AMY GOODMAN: You’re listening to Pacifica Radio’s Democracy Now! The Exception to the Rulers. I’m Amy Goodman, as we talk about the report just released from an Organization of African Unity panel on the Rwandan genocide of 1994, particularly focusing on the role of the United States, France, the Catholic and Anglican churches, in that genocide. We’re joined by three ambassadors: Ambassador Stephen Lewis, formerly the Canadian ambassador to the U.N., who was part of the group of people who did the report; Ambassador Joseph Mutaboba will be joining us in just a minute, Rwanda’s ambassador to the United Nations; and Ambassador David Scheffer is with us from the State Department, U.S. ambassador-at-large for war crimes. You were criticizing the report, Ambassador Scheffer, for—as you talked about the discussion of intentions. But what about the U.S. government stopping the Security Council from authorizing a peacekeeping force from moving into Rwanda before the genocide?

DAVID SCHEFFER: Well, we have acknowledged that during those first two weeks of the genocide, we had two very clear priorities. And we’ve always—you know, we’ve described this as our conventional response to an unconventional crisis, and we’ve learned lessons from that. But the conventional response was, first, get all Americans out of there, and secondly, protect the peacekeepers themselves. And if that means actually removing the peacekeepers, then—given the fact that the donor countries were demanding that they be removed, then we had to respond to that, particularly Belgium’s demand that its peacekeepers be removed.

We were also very closely in contact with the secretary-general and with Kofi Annan, who at that time was head of the peacekeeping operations. And I can assure you that in those early weeks, we were so closely in contact with them that the actions that we were taking in the Security Council very much reflected their thinking. Now, it did occur that when we took the step—I guess in about the second week or so of the genocide—to propose, you know, withdrawing the entire peacekeeping force because of the violence that was erupting—and it did not have a mandate to deal with that violence, nor the training to do so—that it encountered dissent within—by some members of the council. So we put our proposals aside, we sat down with the members, and we started working, along with the secretary-general, on how to keep a peacekeeping force there in a manner that was going to be acceptable to the membership of the Security Council.

So, you know, when we look back at how we acted at that time, it’s clear in hindsight that it would have been preferable to have perhaps acted in a somewhat different way to try to shore up the peacekeeping effort with forces that in fact could take on that kind of mandate under those circumstances more quickly than was the result. But at the time, and under the circumstances at the time, we were dealing with a lot of recommendations coming from the donor countries themselves, from the secretary-general, from the head of peacekeeping operations, and also we were dealing with—with, you know, what we ourselves were capable of doing on a short notice.

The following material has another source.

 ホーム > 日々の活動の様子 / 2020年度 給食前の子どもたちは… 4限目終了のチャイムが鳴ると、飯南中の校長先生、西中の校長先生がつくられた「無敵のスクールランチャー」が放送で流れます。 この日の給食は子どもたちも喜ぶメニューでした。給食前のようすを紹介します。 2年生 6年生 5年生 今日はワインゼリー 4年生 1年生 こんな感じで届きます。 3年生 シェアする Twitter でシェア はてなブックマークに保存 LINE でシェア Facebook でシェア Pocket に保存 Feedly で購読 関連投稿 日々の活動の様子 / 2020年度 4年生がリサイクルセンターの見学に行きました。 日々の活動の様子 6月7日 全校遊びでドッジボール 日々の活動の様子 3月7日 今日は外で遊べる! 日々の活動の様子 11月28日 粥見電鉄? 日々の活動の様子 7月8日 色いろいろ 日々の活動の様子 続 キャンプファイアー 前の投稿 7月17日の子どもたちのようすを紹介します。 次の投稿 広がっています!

I think we’ve learned from the experience two major things. First, that when there is a lot of mass killing unfolding, you have to consider dynamic military options much more quickly than we did so at that time. We acknowledge that. We have to act more quickly to consider how to respond militarily in real time in an unconventional crisis, as opposed to sort of a conventional, as Ambassador Lewis said, civil war scenario.

Secondly, there’s been a tremendous amount of misrepresentation and confusion about the use of the word "genocide" by the U.S. government. And this tape from June is a classic tape, and we’ve often talked about it. She did say "acts of genocide," and, you know, in retrospect, we should have clarified with the spokeswoman, you know, acts of genocide is genocide; don’t try to fudge the distinction. But at the time, we just didn’t get that clarified. We were very, very prepared, as of mid-May, to take the position that genocide was occurring in Rwanda. We made that decision internally, and then our spokespeople were instructed to that effect, but it just got a little bungled in the way it was actually delivered when actually asked by the press.

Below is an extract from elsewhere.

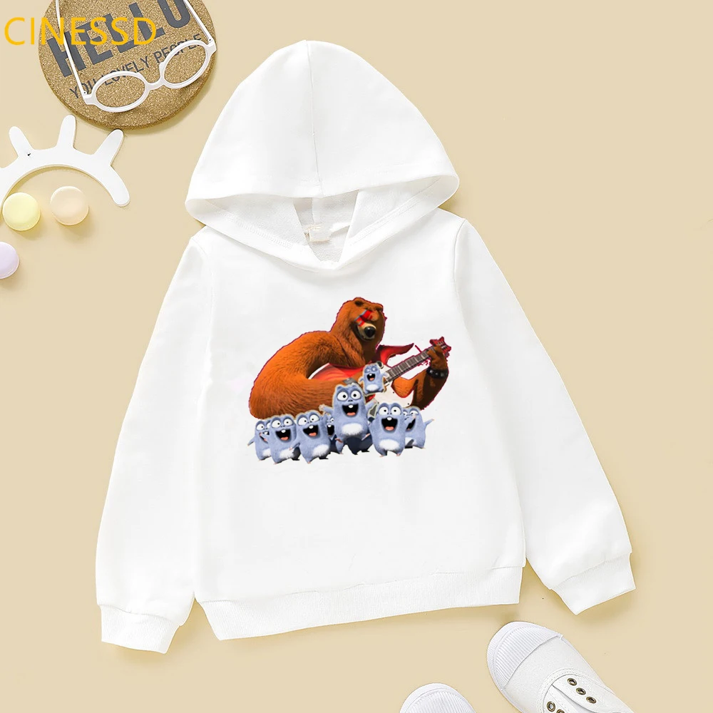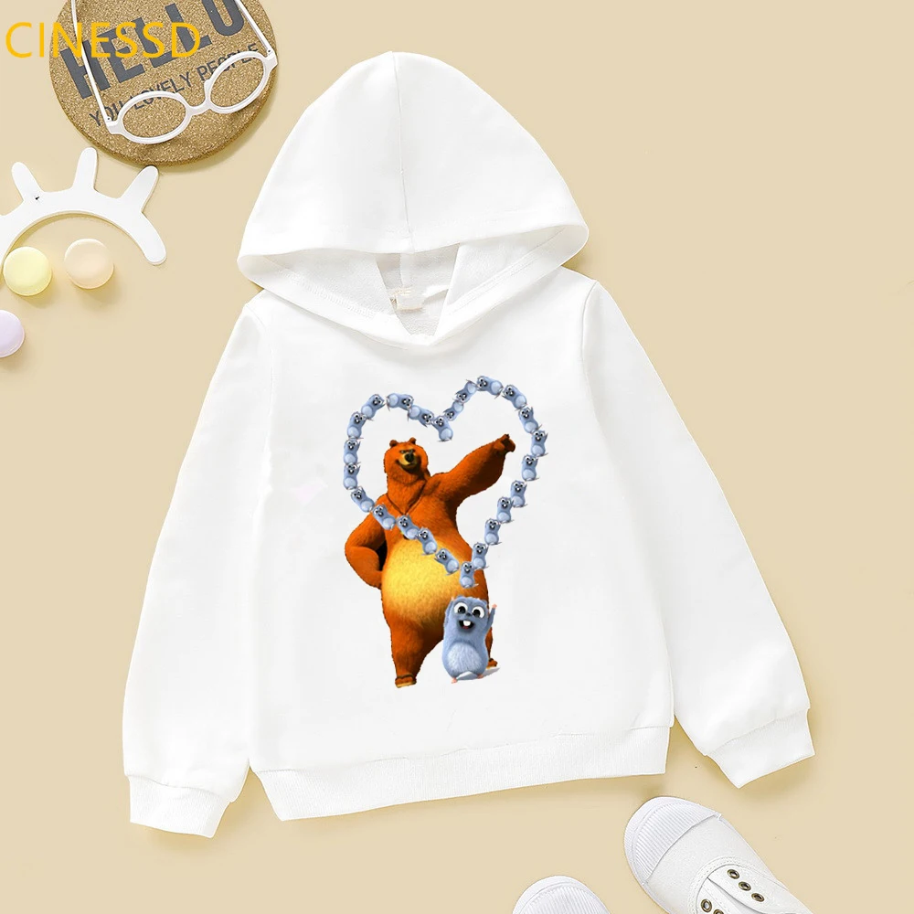 Одежда для мальчиков и девочек, топ, осенне-зимний свитшот с забавным мультяшным принтом Grizzy And The lemings, плюс бархатные белые пуловеры с капюшоном

AMY GOODMAN: Well, let me ask Ambassador Stephen Lewis: Do you think it was bungled, or do you think that that was deliberate because to say the actual word "genocide" without the qualified "acts of" would trigger a process that would mean peacekeepers moving in? Ambassador Lewis?

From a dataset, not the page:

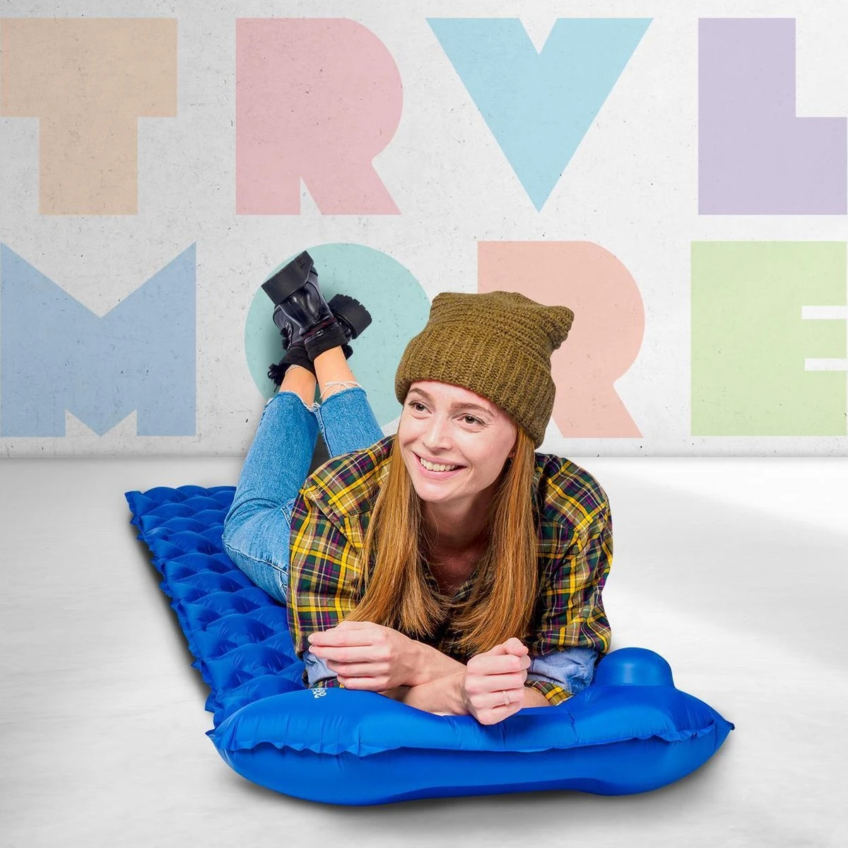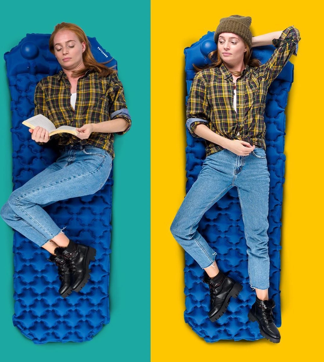 TRVLMORE Slaapmat – Zelfopblazend – 1 Persoons – Ingebouwde Pomp En Kussen – Blauw

STEPHEN LEWIS: Oh, I’m sorry. Somebody had knocked on my door, and I got distracted for a second. I was inclined to think that—nobody knew whether the Genocide Convention could be triggered at any point. It was always said that the United States was faintly uncomfortable, that if it got—if it admitted to genocide, then certain obligations would follow. I’m not sure that the Genocide Convention imposes those obligations, except in a moral sense. But I must say that it’s a little difficult for me—forgive my incredulity—it’s a little difficult for me to believe that in the middle of—well, I believe it, but just to apply it—that in the middle of May you come to a conclusion that you’re in the middle of a genocide, and your spokespeople in June, the next month, are still using "acts of genocide" in a way which is clearly so uncomfortable that they become a laughingstock. So there was something wrong, generally, with the way in which the United States responded to this.

AMY GOODMAN: Well, let me bring in Rwanda’s ambassador to the United Nations, Joseph Mutaboba. At the time, in 1994, where were you, Ambassador?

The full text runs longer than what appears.